### [Data under study]

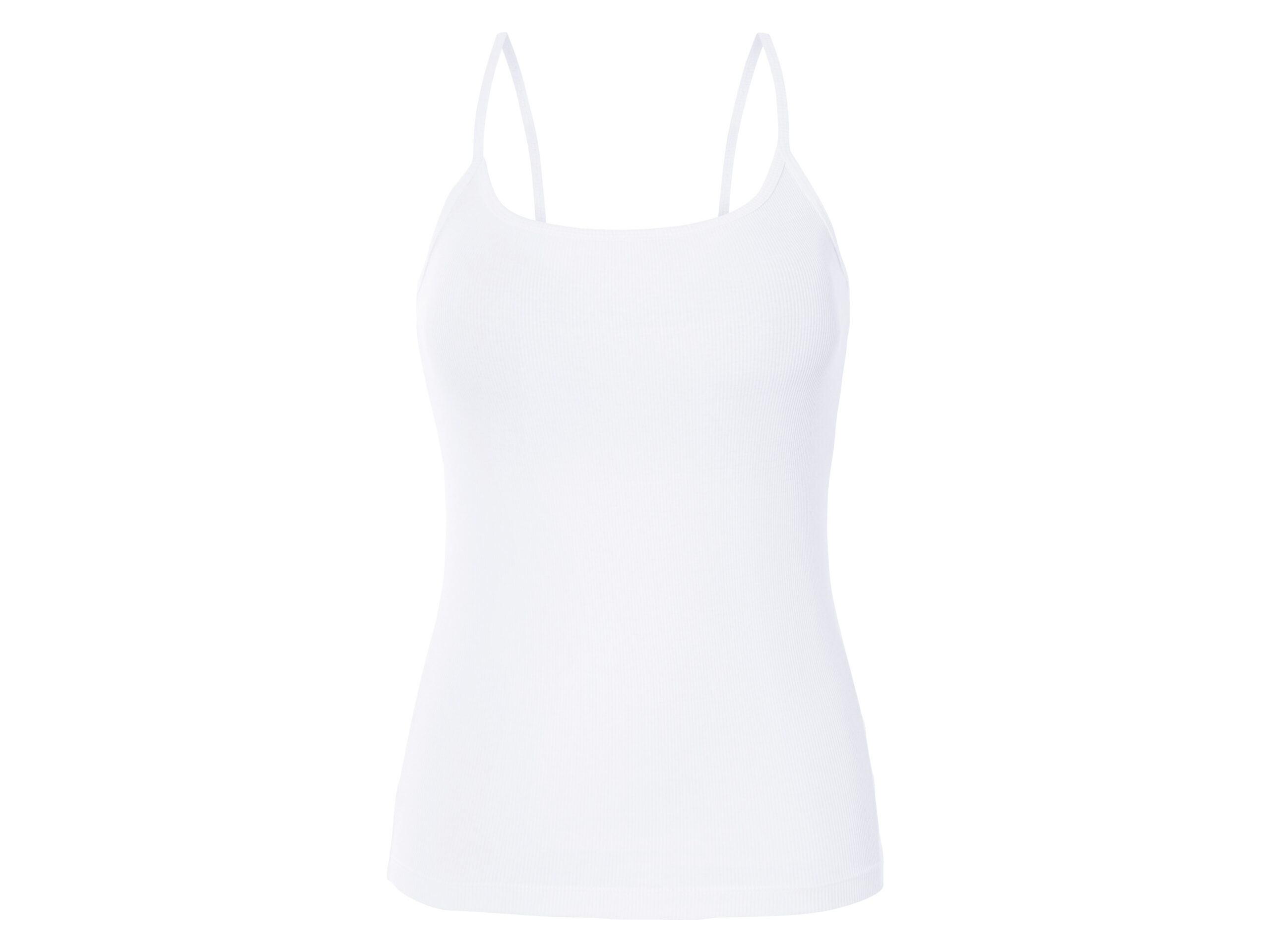 Met biologisch katoen In modieus ribmateriaal Optimale pasvorm dankzij het elastaan Lycra® Productkenmerken table{width:100%;}td{padding-right: 30px; padding: 0.5rem; border-bottom: 0.0625rem solid #e3e4e5;} tr:nth-child(odd) {background-color: #F2F3F4;} Kleur: zwart, wit Patroon: – Detail: met biologisch katoen; ribmateriaal Bandjes: Spaghettibandjes Decolleté: Ronde halslijn Multipack: – Materiaal: 95 % katoen (biologisch), 5 % elastaan (Lycra®) Wasvoorschrift: wassen op max. 40 °C niet bleken voorzichtig drogen in de droger op max. 60 °C strijken tot 150 °C (stand 2). Stoomstrijkijzer kan worden gebruikt niet chemisch reinigen Maat: XS (32/34) – L (44/46)
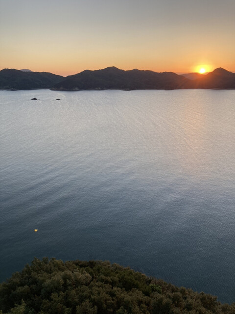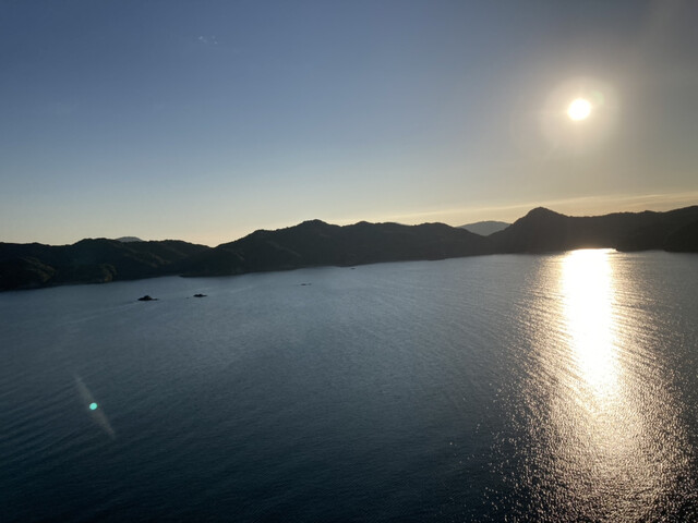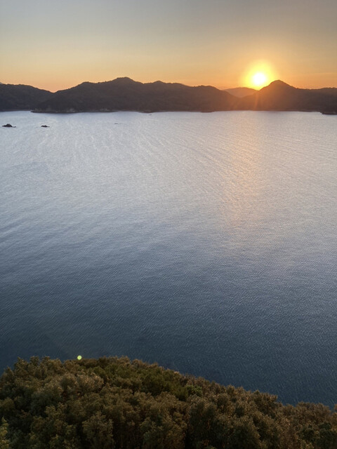 しばらく眺めていると海を挟んだ反対側、山の向こうから太陽が昇ってきました
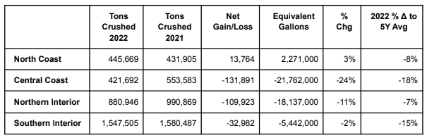 (February 10, 2023, Novato, CA) – The California Department of Food & Agriculture’s Preliminary Grape Crush Report for 2022 was released today. The crush of 3.349 million tons stayed in line with
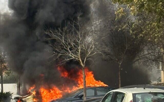 A fire in Avivim, northern Israel, caused by a Hezbollah rocket attack during the 2023-2024 Israel-Hezbollah war. (Courtesy/David Biton)
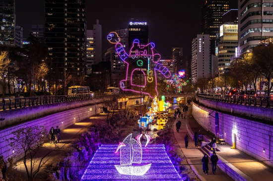 Sungai yang mengalir di jantung kota Seoul ini menjadi lokasi yang menawan saat salju turun. Berawal dari Cheonggye Plaza (dekat Stasiun City Hall), area ini sering mengadakan Festival Lampu (Lantern Festival) di musim dingin. Lokasi ini gratis dan dapat diakses 24 jam di sepanjang jalur pejalan kakinya.
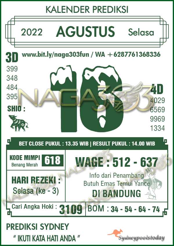 Prediksi Sydney Pools Selasa 16 Agustus 2022 | Web Toto Naga303
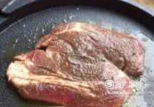 准备一平底锅,开火后加入一点点油,放入腌制好的牛排小火慢煎。
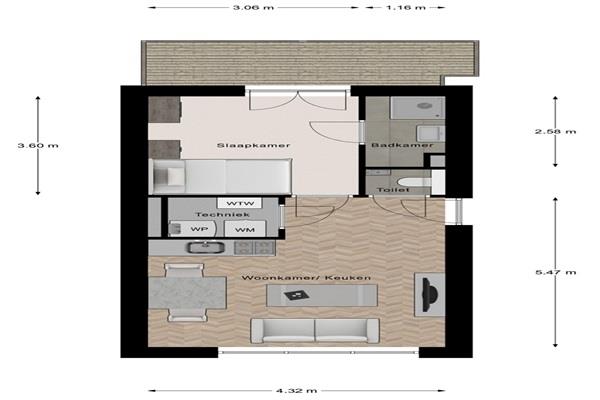 Bij binnenkomst vanuit de gemeenschappelijke ruimte betreed je de lichte woonkamer met open keuken. Deze leefruimte biedt alle comfort voor dagelijks wonen en is uitgerust met een keukenopstelling voorzien van een inductiekookplaat, koelkast, afzuigkap. Voor een oven/magnetron is een aansluitpunt aanwezig.
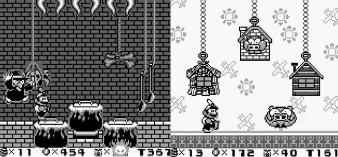 In Mario Zone, you’ll battle the Three Little Pigs, who come at you one at a time using rolling and bouncing attacks. I can’t say too much about this one as I just tossed fireballs at them relentlessly and bounced on their heads to beat them in seconds but I can’t imagine them causing you too much trouble. Macro Zone has you battling a Sewer Rat that darts in and out from pipes and clambers all over the walls and ceilings of the arena to drop down on you; this one can be tricky because of how fast the boss is but, again, the Fire Flower will make short work of it. Finally, in Space Zone, I took on a familiar face as Tatanga, the final boss of the first game, returns for a rematch. As this battle takes place in the low gravity of the Moon, it can be tricky to dodge between Tatanga’s two energy bolts, each of which has a different attack pattern, and his tendency to stay on the top corners of the screen makes using your fireballs much more difficult. Thankfully, he also tries to dive bomb you, leaving him wide open for attack, and he’s far weaker than in the last game, going down in just three hits like every other boss in the game. Similarly, the final battle against Wario is a much grander and elaborate fair than the final boss of Super Mario Land; as if running the gauntlet of Wario’s many traps and hazards and battling multiple floating Wario faces wasn’t enough, Wario (here a much bigger, monstrous figure than usually depicted) has three phases to his boss battle. In the first, he charges and stomps around the throne room trying to squash you and causing crystal balls to fall from the ceiling. Next, he grabs a Carrot to become Bunny Wario and takes refuge at the top of the screen before dropping down onto you and, finally, he becomes Fire Wario and launches fireballs at you while also jumping at you. While you have to take on all three phases one after the other, you can grab power-ups between each one and, again, Wario is defeated in three hits each time so, while this is easily the longest and most involved boss battle in the game, it’s no mean feat.
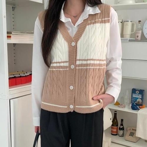 [브이와이][VY] 여자 가을 배색 니트 셔츠 세트_CD8339_18394308_588847
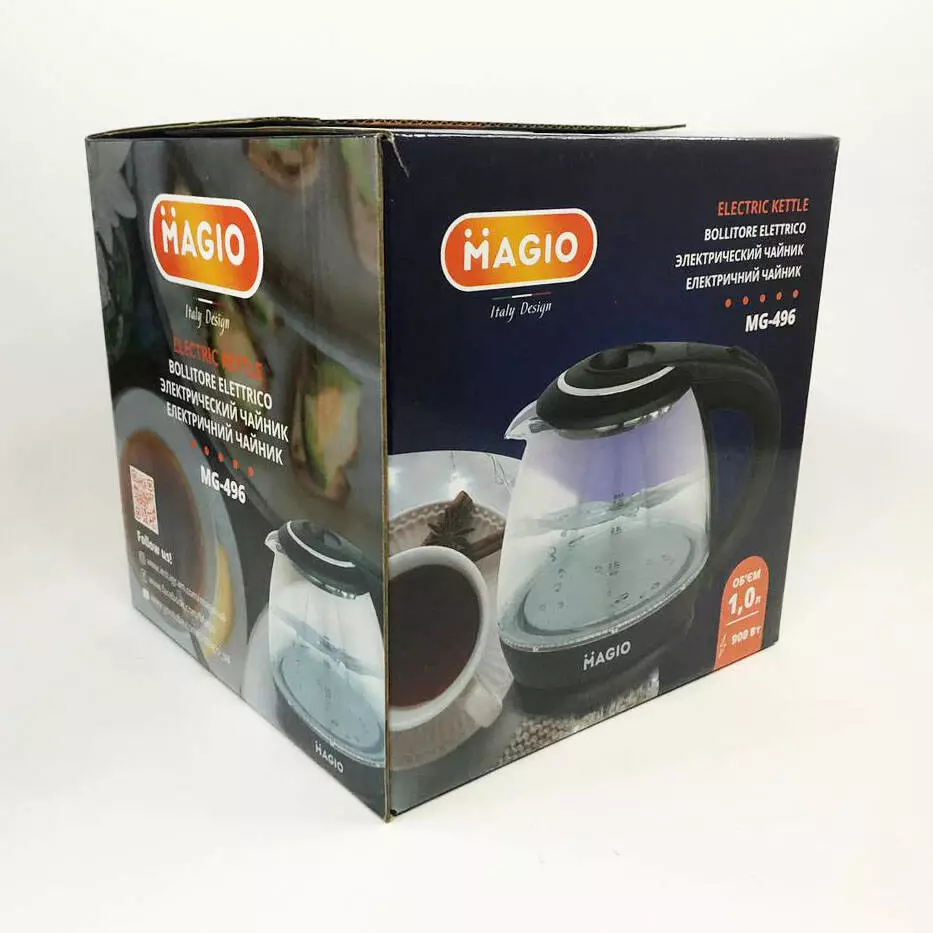 Электрочайник Magio МG-496 – отличный помощник на вашей кухне. Благодаря большой мощности нагрева можно вскипятить 1 л воды за относительно короткий промежуток времени. Станет настоящим украшением для вашей уютной кухни. Его эргономический и привлекательный дизайн придется по душе всем.
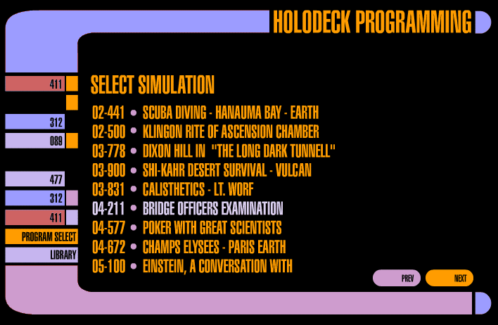 Holodeck The generic name, especially in use aboard Federation starships, for
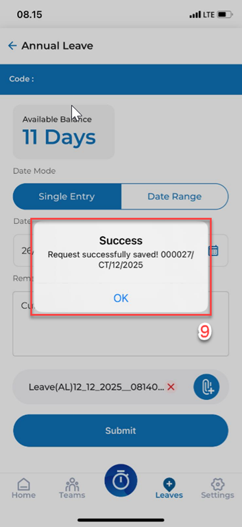9. Klik OK dan terdapat pemberitahuan bahwa CUTI yang diajukan sudah sukses.
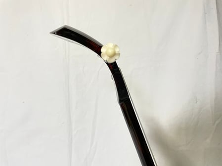 天の曲がりが通常より大きいものになります。これは昔まだ芯が太い黒木が豊富に採れたたころ、遠慮なく曲がりもとることが出来たからでは・・・、かどうかは定かではありませんが、でもやはりこれだけの曲がりを芯の黒い部分だけで作ろうと思うと、現存する原木ではほぼ不可能です。そんな棹がタンスの奥から出てきましたので、コロナセールで紹介出来る黒木がなくなった今、最後に格安で提供しようかと今回三線として仕上げました。
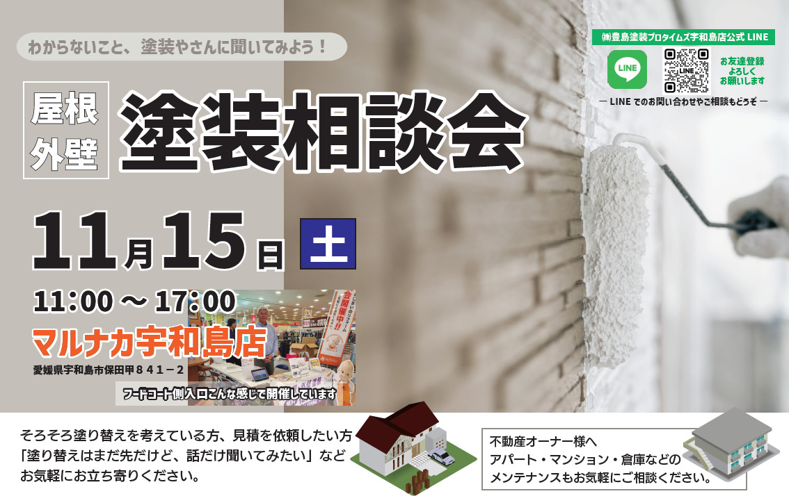 【11月15日(土)マルナカ宇和島店】住宅の塗装相談会のお知らせ
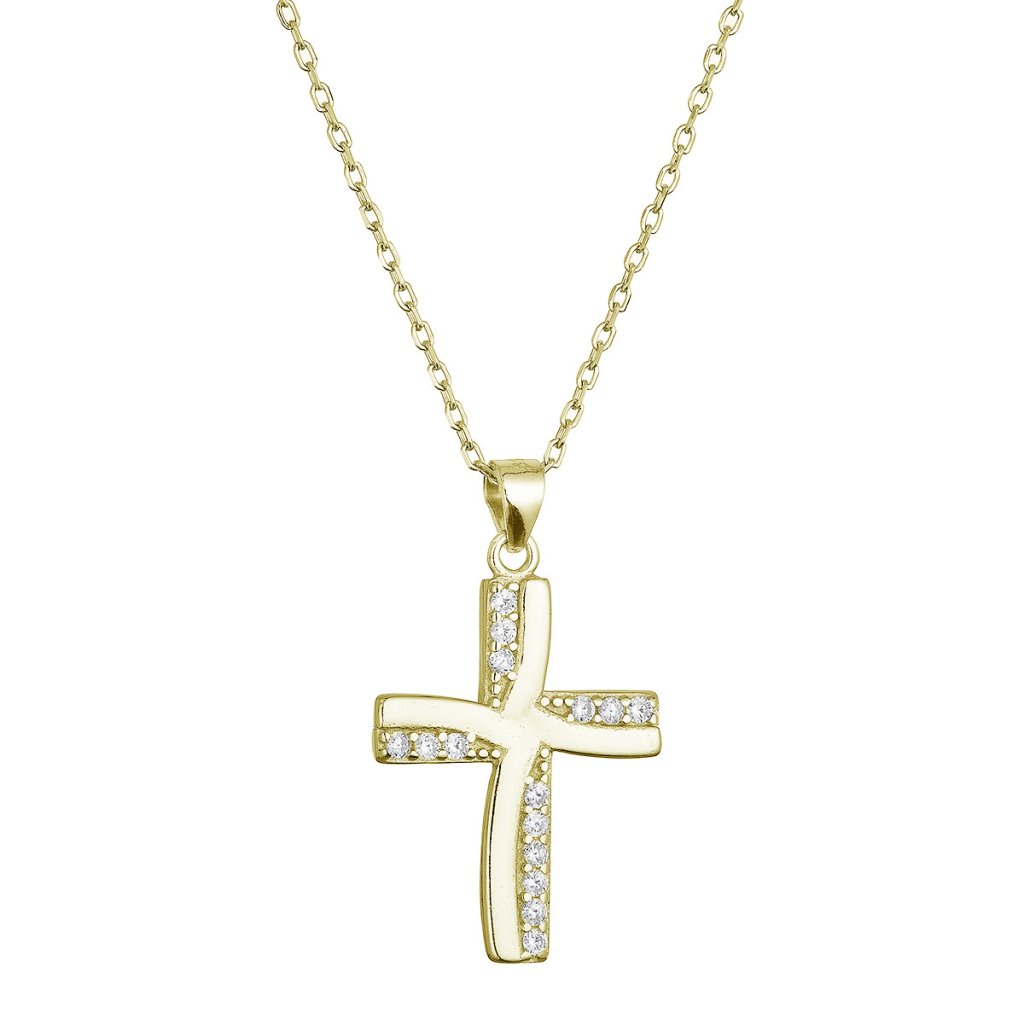 Pozlátený strieborný náhrdelník kríž so zirkónmi 12135.1 crystal
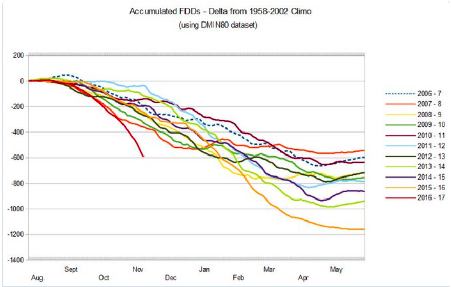 The chart below looks at this warmth by a different measure: “freezing degree days.” By many available measures, the oncoming Arctic winter is in a nose dive unprecedented in recent record keeping.
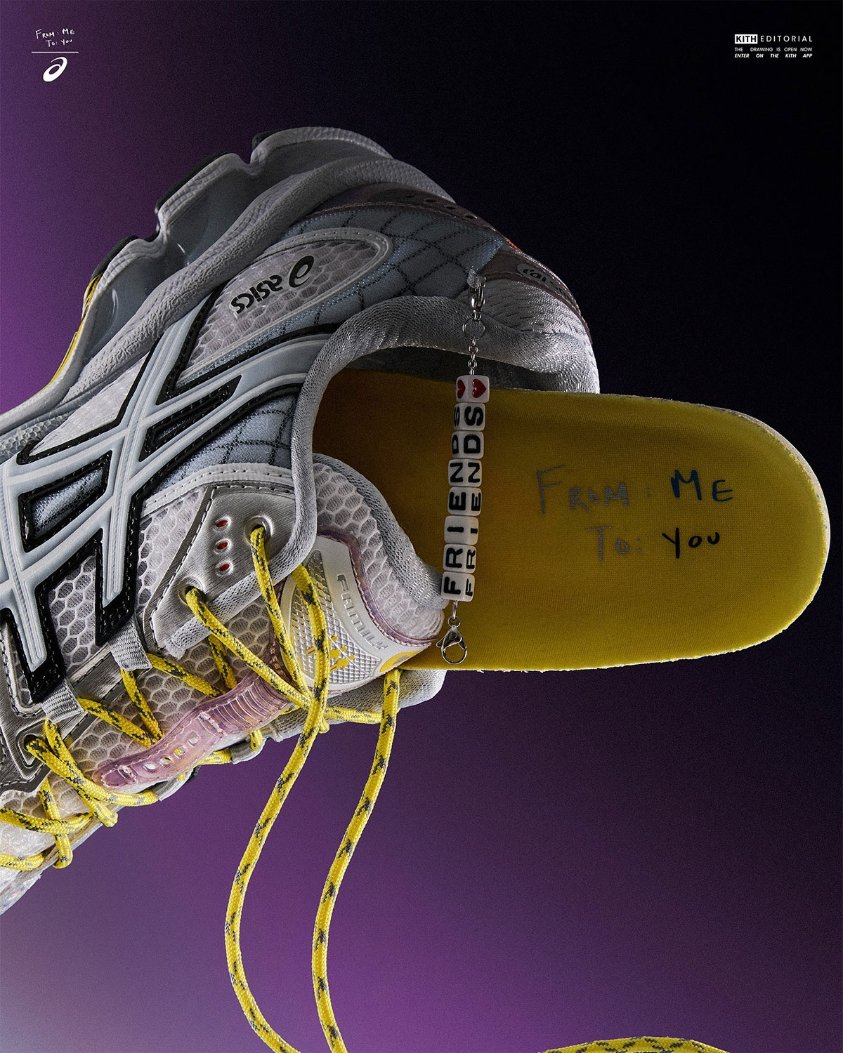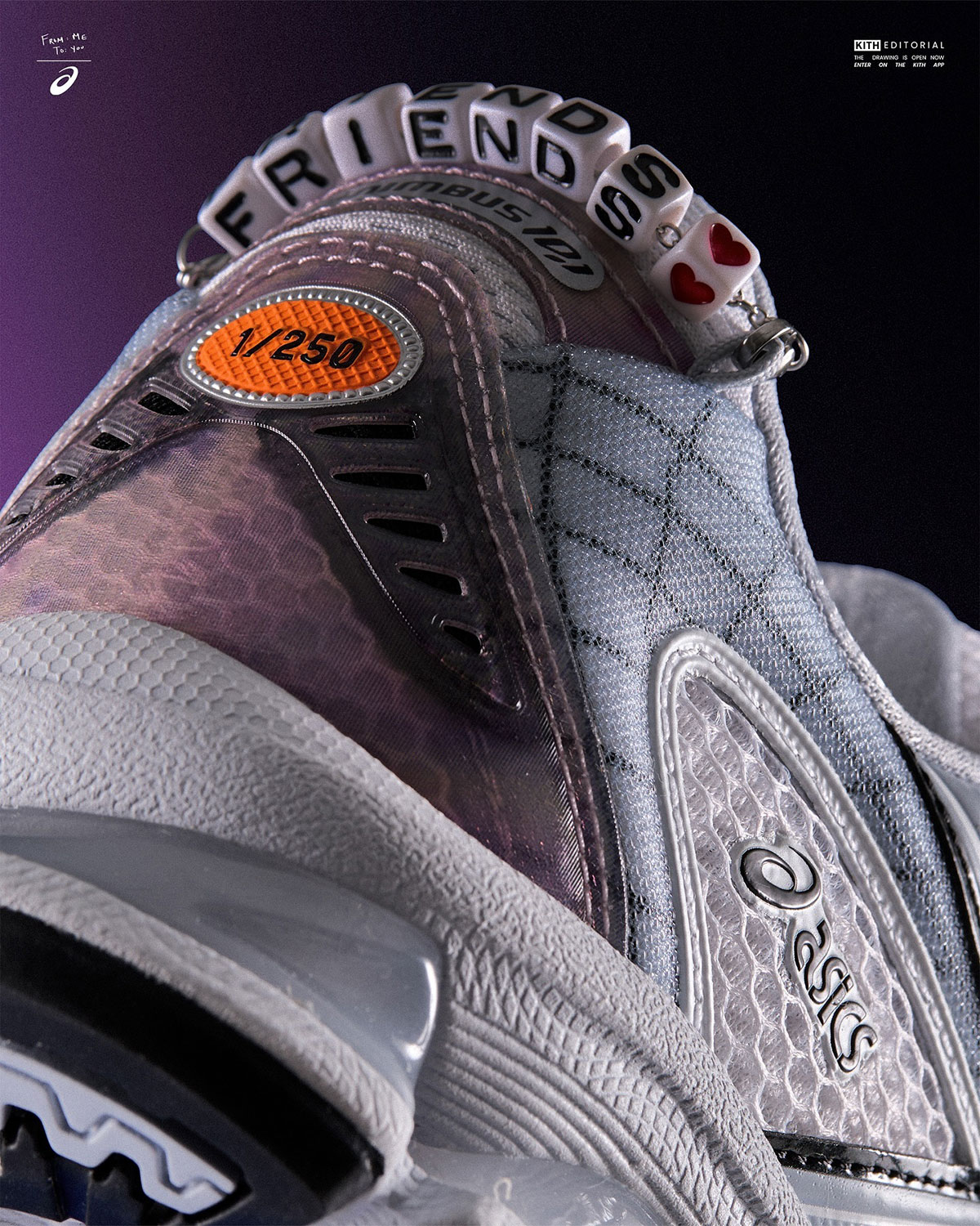 In case you missed out on our original coverage, the sneaker in question doubled as our first look at the GEL Nimbus 10.1 model, combining the upper of 2008’s GEL.Nimbus 10 with the sole unit from the ever-trendy GEL-Kayano 14. Diggs’ vision is executed on the shoe with a slew of special edition touches. He widens the underlying mesh, adds curved grid patterns that run across the full profile, and pitches in literal friendship bracelets that click onto the collar to double as a pull tab. “Friends” type on the tongue match that atmosphere, and a “1/250” emblem at the heel reinforces just how special each of these pairs are.

### [What to produce]
Once you find the line that contains "Pozlátený strieborný náhrdelník", give it again along with every later line through the end of the data, word for word, minus the pictures.

### [Solution to this problem]
 Pozlátený strieborný náhrdelník kríž so zirkónmi 12135.1 crystal
 The chart below looks at this warmth by a different measure: “freezing degree days.” By many available measures, the oncoming Arctic winter is in a nose dive unprecedented in recent record keeping.
 In case you missed out on our original coverage, the sneaker in question doubled as our first look at the GEL Nimbus 10.1 model, combining the upper of 2008’s GEL.Nimbus 10 with the sole unit from the ever-trendy GEL-Kayano 14. Diggs’ vision is executed on the shoe with a slew of special edition touches. He widens the underlying mesh, adds curved grid patterns that run across the full profile, and pitches in literal friendship bracelets that click onto the collar to double as a pull tab. “Friends” type on the tongue match that atmosphere, and a “1/250” emblem at the heel reinforces just how special each of these pairs are.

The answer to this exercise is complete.